COVID-19 News in Brief Science World

Coronavirus outbreak: analysed

Written by Callum Murison

Note: all statistics are correct as of 21:00 on Friday 6th March 2020.

COVID-19 has now dominated the news for months. Cases are spiralling – with more than 160 cases now reported in the UK alone. But 2 months after the first cases were reported, how has the situation changed?

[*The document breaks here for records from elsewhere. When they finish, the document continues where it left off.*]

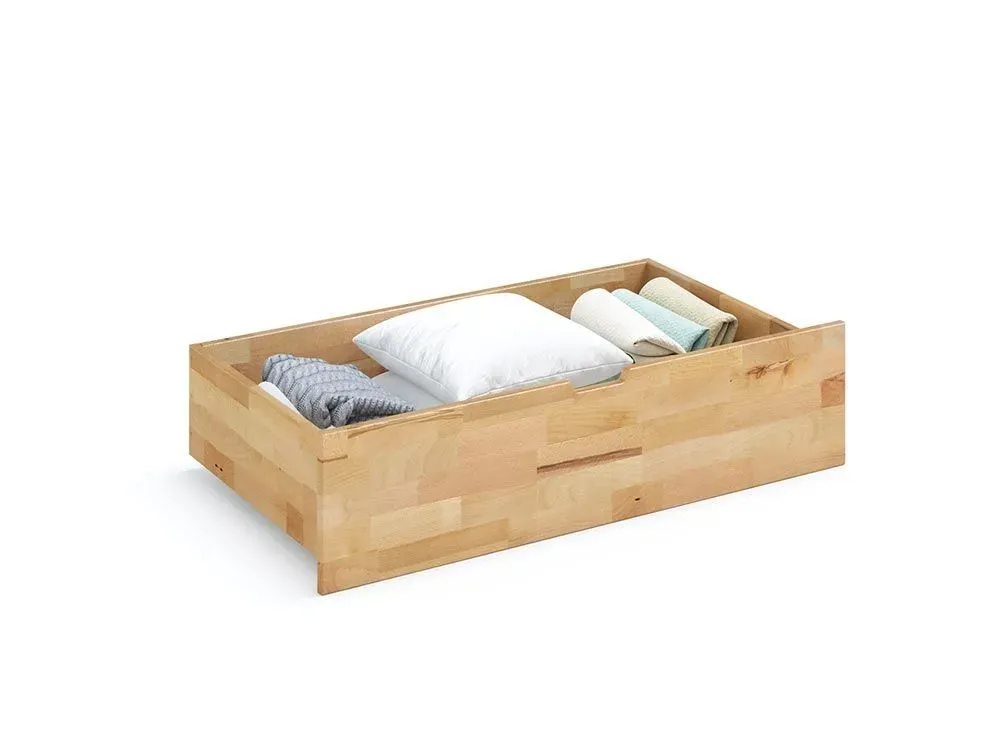 Шухляда виконана із надійного матеріалу - деревини бука. Дно виконане із ДВП. Висота шухляди є фіксованою становить 240 міліметрів. Ширину шухляди покупець може обрати сам: 990 або ж 1300 мм. Шухляда надзвичайно містка, оскільки має глибину в 550 мм. Тому, сміливо можете зберігати в ній постільну білизну, рушники, сезонний одяг чи, навіть, взуття.
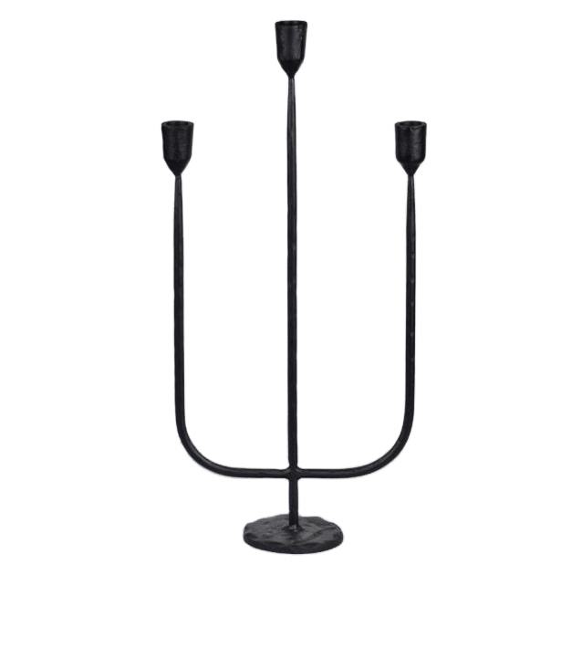 Decorative Hand Forged Aluminium Black Trident Candelabra Metal Tabletop Candle Holder with three Arms
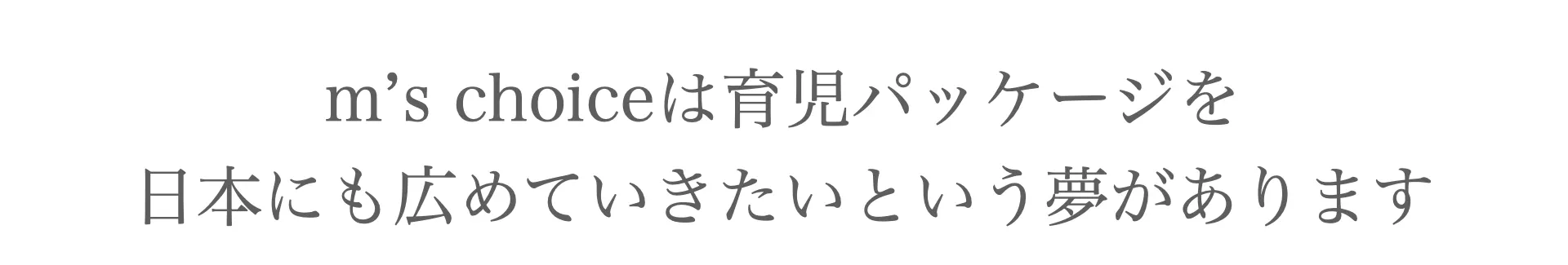 m’s choiceは、きょうくるみを原点として、育児ボックスの実現に向けて日々努力し、育児問題の解決に少しでも貢献していきたいと考えています。また、育児問題に多くの方が目を向け、手を差し伸べてくれるような社会になることを願っています。

The death rate is higher than initially suggested

Initially, it was thought that the death toll from COVID-19 was somewhere around 1-2%. The problem is, despite the recorded deaths being very accurate, it is extremely likely that there will be people who have contracted the virus and have gone undetected – mostly due to making a quick recovery from mild symptoms. This would result in an over-estimation of the death rate. Presently, the death rate in China (where the outbreak began) is 3.78%, whilst in Italy (the main European hotspot thus far) it is noticeably higher at 4.25%. Meanwhile, Iran and South Korea have also reported a large number of cases over the past month. However, it still appears like the majority of deaths are in the older population or amongst those with pre-existing medical conditions. This would explain the higher death rate in Italy, which has an older population than China.

But whilst the death rate may be slightly higher, it is the spread of the virus which is the most concerning. Yesterday, both Italy and Iran reported a huge spike – with Iran’s total cases rising over 35% and Italy reporting almost 800 new cases. Here in the UK, after almost 50 new cases yesterday, the UK’s chief medical adviser suggested that “health officials are moving towards the [delay] stage” with regards to the outbreak.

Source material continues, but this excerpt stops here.